A shared component sits between two engineering teams at a mid-size software company. Neither side owns it. Security patches have been blocked for weeks behind an ownership discussion that nobody wants to have. Meanwhile, a product manager used an AI tool to fix a customer-facing bug in a related workflow. The fix was correct. She submitted a merge request. The owning team rejected it: "you don't understand the context." She fired back: "then write your principles down so people can follow them." Neither side was wrong. Both were operating in an organisation that had never defined who owns what, or how outsiders contribute.
Every CTO I talk to right now wants to know how to "do AI" in their engineering organisation. The honest answer is usually uncomfortable: the reason AI-assisted development is creating friction isn't AI. It's organisational debt that was already there. Unclear boundaries. Unowned systems. No rules for cross-team contribution. AI didn't create these problems. It just pressure-tested them at a speed that made them impossible to ignore.

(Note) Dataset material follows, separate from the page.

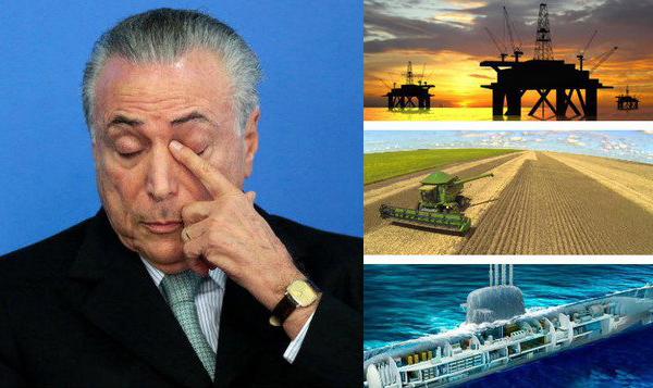 O ataque mais recente se dá no agronegócio, onde Temer pretende permitir, por medida provisória, que estrangeiros tenham até 100 mil hectares no Brasil. No mundo de hoje, terras aráveis são um dos bens mais escassos do planeta e Temer pretende colocar o Brasil em leilão, o que também pressionará o consumo de outros recursos naturais – raros no mundo e a abundantes no Brasil – como a água.
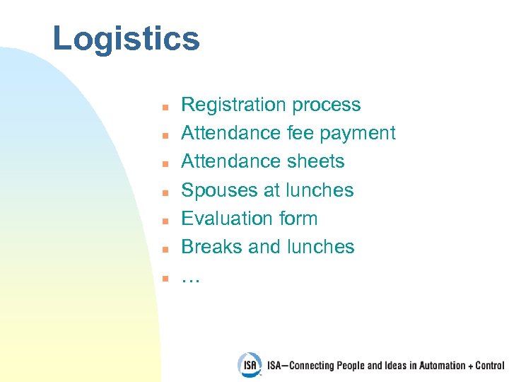 Logistics n n n n Registration process Attendance fee payment Attendance sheets Spouses at lunches Evaluation form Breaks and lunches …

This is an article about organisational hygiene, not AI tooling. Three gaps keep showing up in the engineering organisations I work with. They predate AI, microservices, and agile. But the pace of modern development, AI-assisted or otherwise, has made them urgent in a way they never were before.
Boundary clarity
Most engineering organisations grow their team structure organically. Teams get named after products, projects, technical layers, or whatever was urgent when the team was created. Over time, those names calcify into identity. Nobody revisits whether the boundaries still make sense.
The result is that teams end up defending territory based on labels rather than actual responsibility. "That screen is in our product, so it's our work." "That data flow runs through our team, so you need our sign-off." Work gets blocked, duplicated, or fought over, and the arguments feel principled when they're actually just confusion about who owns what.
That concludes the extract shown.